Büyükşehir Belediye Başkanı Osman
Baydemir: Çok şükür bugün Diyarbakır'da 1930'ların algısı yok
Büyükşehir Belediye Başkanı Osman Baydemir de, Diyarbakır
surlarının her şeyden önce bir korunma bendi değil, bir medeniyet yarattığını
ancak bu medeniyetin sur içerisinde koruduğu insanlar tarafından zarar gördüğünü
söyledi. ''Nasıl bir paradoks- siz medeniyeti, insanları, insanlığı koruyorsunuz
ama bir müddet sonra koruduklarınız size zarar veriyor'' diyen Baydemir, şöyle
devam etti: ''1930'larda sur, burçlar yıkılmaya
çalışılıyor. Neden- Diyarbakır hava alsın diye. Fransız Albert Gabriel'i burada
anmak istiyorum. Onun girişimleri ile Ankara'dan bu yıkım işleri durduruluyor.

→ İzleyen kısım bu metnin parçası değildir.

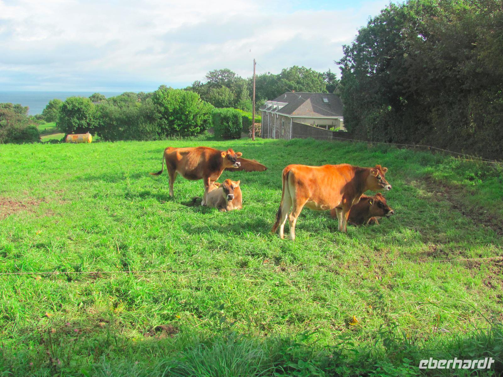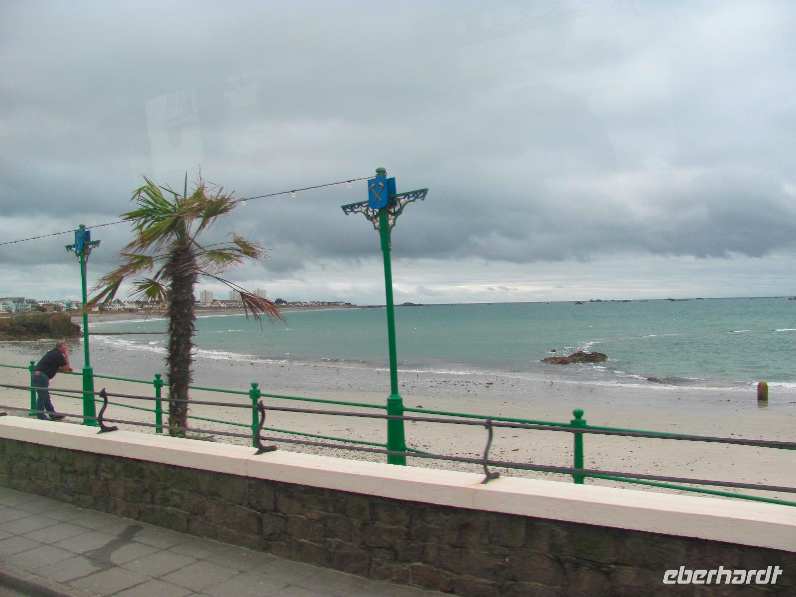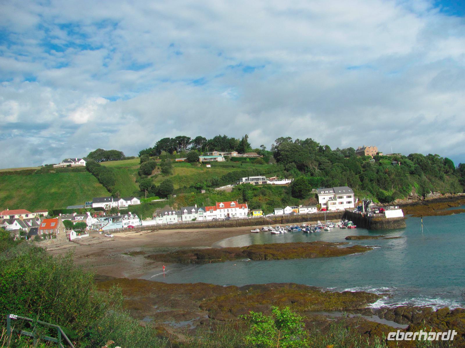 Anreise nach Jersey. Man ist heute sozusagen anglo-frankophil. In Jersey wurden wir schon von unserer örtlichen Reiseleitung Helga erwartet. Die hügelige Landschaft und Klippen der Insel zu erkunden sowie die mediterran anmutenden Palmen prägen das Inselbild. Das Essen ist eher französisch und die Inselsprache dennoch englisch geblieben. Der Ärmelkanal streift die Inseln zwar gerade noch, aber sie kleben eher an der Küste Nordfrankreichs. Deswegen sind sie auch unter dem Namen „Normannische Inseln" bekannt.
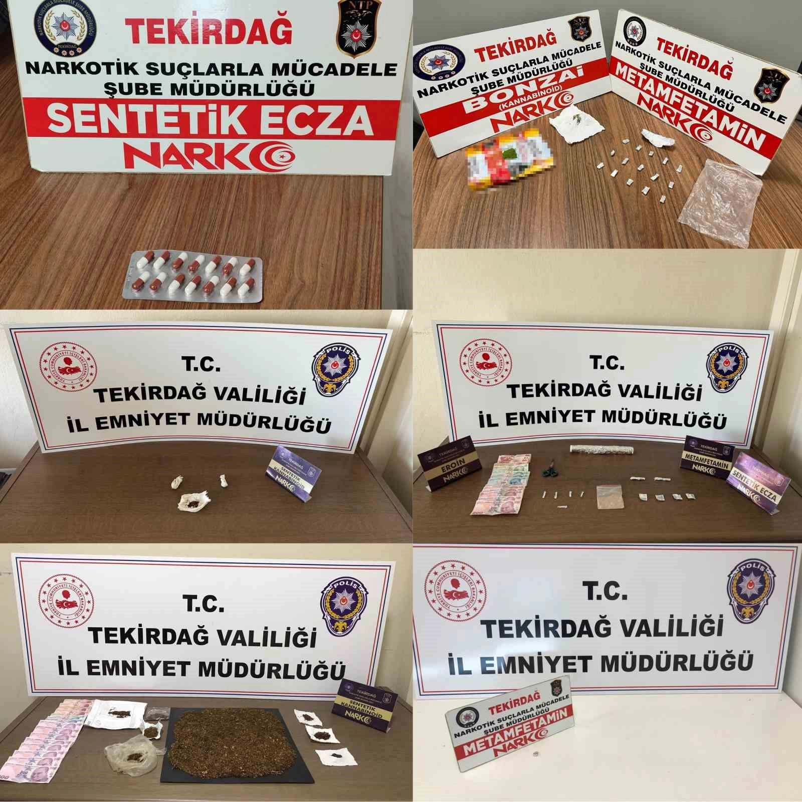 Tekirdağ İl Emniyet Müdürlüğü Narkotik Suçlarla Mücadele Şube Müdürlüğü ekiplerince, 5-8 Ekim 2024 tarihleri arasında Süleymanpaşa, Çerkezköy ve Çorlu ilçelerinde gerçekleştirilen operasyonlarda, uyuşturucu madde bulundurdukları tespit edilen 11 şahıs üzerinde ve 3 farklı ikamette aramalar yapıldı. Aramalarda çeşitli uyuşturucu maddeler ve uyuşturucu ticaretinden elde edildiği değerlendirilen para ele geçirildi.
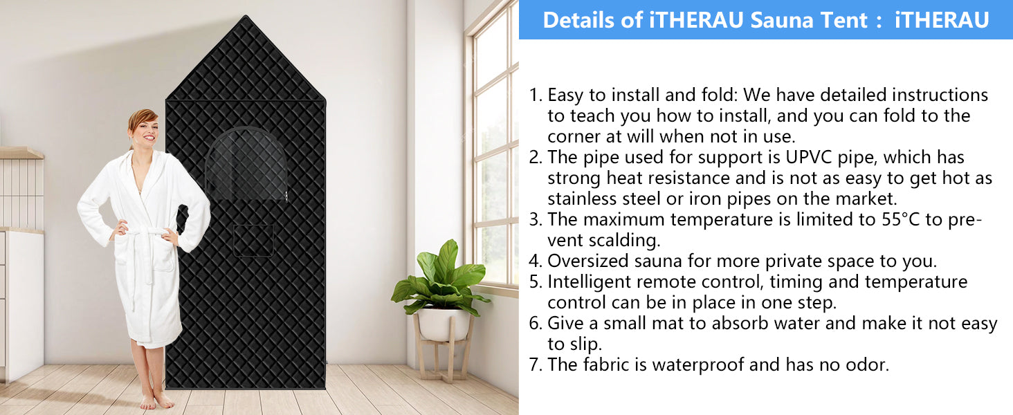 Various Scenes: Suitable for all kinds of scenes, including bedrooms, living rooms, bathrooms, and gyms. You can easily move it to any place and fold it for storage. With this portable sauna, you can enjoy a sauna at home anytime and anywhere.
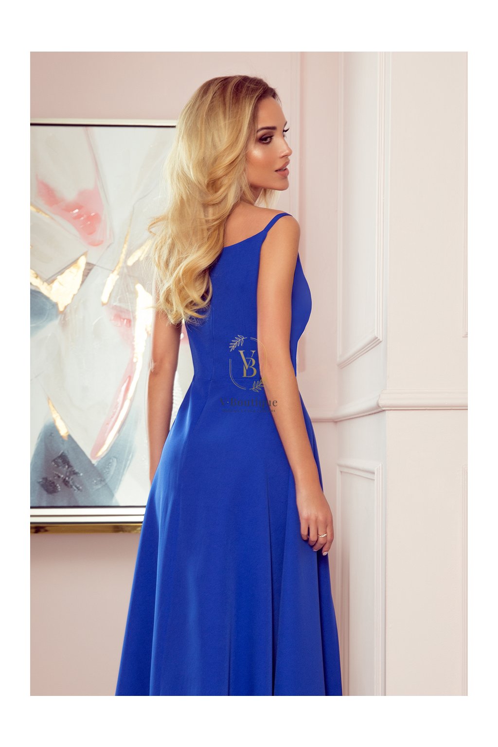 Dlhé kráľovsky modré spoločenské šaty s ramienkami

İşte perspektif ve işte vizyon. Neyi niçin yaptığımızı bilebilmek. Sadece bugünü
değil, yüzyıl sonrasını zikredebilmek, fikriyatını kurabilmek. Bunun için çok
önemli bir noktadır vizyon dediğimiz mesele. Çok şükür bugün Diyarbakır'da
1930'ların algısı yok. Vilayeti, belediyeleri, üniversitesi, STK'ları ve halkı
ile birlikte bunun önemine, bunun değerine vakıf durumda. Bundan sonra sonra
yapılması gereken bu ortak akılla, ortak eyleme geçebilmektir. Bana göre artık
bu sempozyum eylemi başlatmaktır.'' Göç
ve surların dibindeki kaçak yapılaşma
Baydemir, Dağkapı Meydanı, Gazi Caddesi, Yeni Kapı Sokak, Melikahmet Caddesi
ve Mardin Kapı'da, Surp Giragos Kilisesi'nin onarımı, Cemil Paşa Konağı ile
İzzet Paşa Caddesi'nde restorasyon ve çalışmalar yaptıklarını anlattı. Bugün,
dünden çok daha ileri bir mesafede olduklarına dikkati çeken Baydemir, sözlerini
şöyle sürdürdü: ''1990'lardaki yoğun göçte
insanlar yerlerini terk ettiler. Sadece sonuca bakarsanız mekanik akıl yanlışa
sevk edebilir. Neden ve sonucu birlikte yani vicdan ve aklı ortaklaştırarak,
yaklaşım geliştirmeliyiz. Bu insanlar gelip surlara sığındılar. Bin, 2 bin yıl
önce, 4 bin yıl önce insanlığın yaptığını yaptılar. Kendilerini güvenliğe almak
istediler onun için sırtlarını sura verdiler. Orada barakalar yaptılar ve bir
müddet yaşamlarını öyle idame ettirdiler. Bir kez daha mağdur etmeden o
barakaları başlarına yıkmadan alternatifler üretme çabası içerisindeyiz. Ortak
akıl ve ortak çabayla şu anda yapıların yüzde 50'si yıkıldı, kamulaştırma oranı
yaklaşık yüzde 70'e ulaştı. 6 ay daha devam edebilir ama kimsenin kafası
kırılmadan, burnu kanamadan o bölgenin tamamı boşaltılacak. Dolayısıyla
üretiğimiz bütün politikalarda, insan-mekan, mekan-insan ikilisini ve ilişkisini
asla birbirinden ayrık ele alamayız.''
ÇEKÜL Vakfı Başkanı Prof. Dr. Metin Sözen: Düşmanı yıldıran surları
biraz halletmiş gözüküyoruz
Sempozyumda konuşan ÇEKÜL Vakfı Başkanı Prof. Dr. Metin
Sözen ise toplumsal tarih ve ilişkilere bakmadan onun ucundaki
sonuçlara bakmanın kendilerini sağlıklı bir yere götüremeyeceğinin altını çizdi.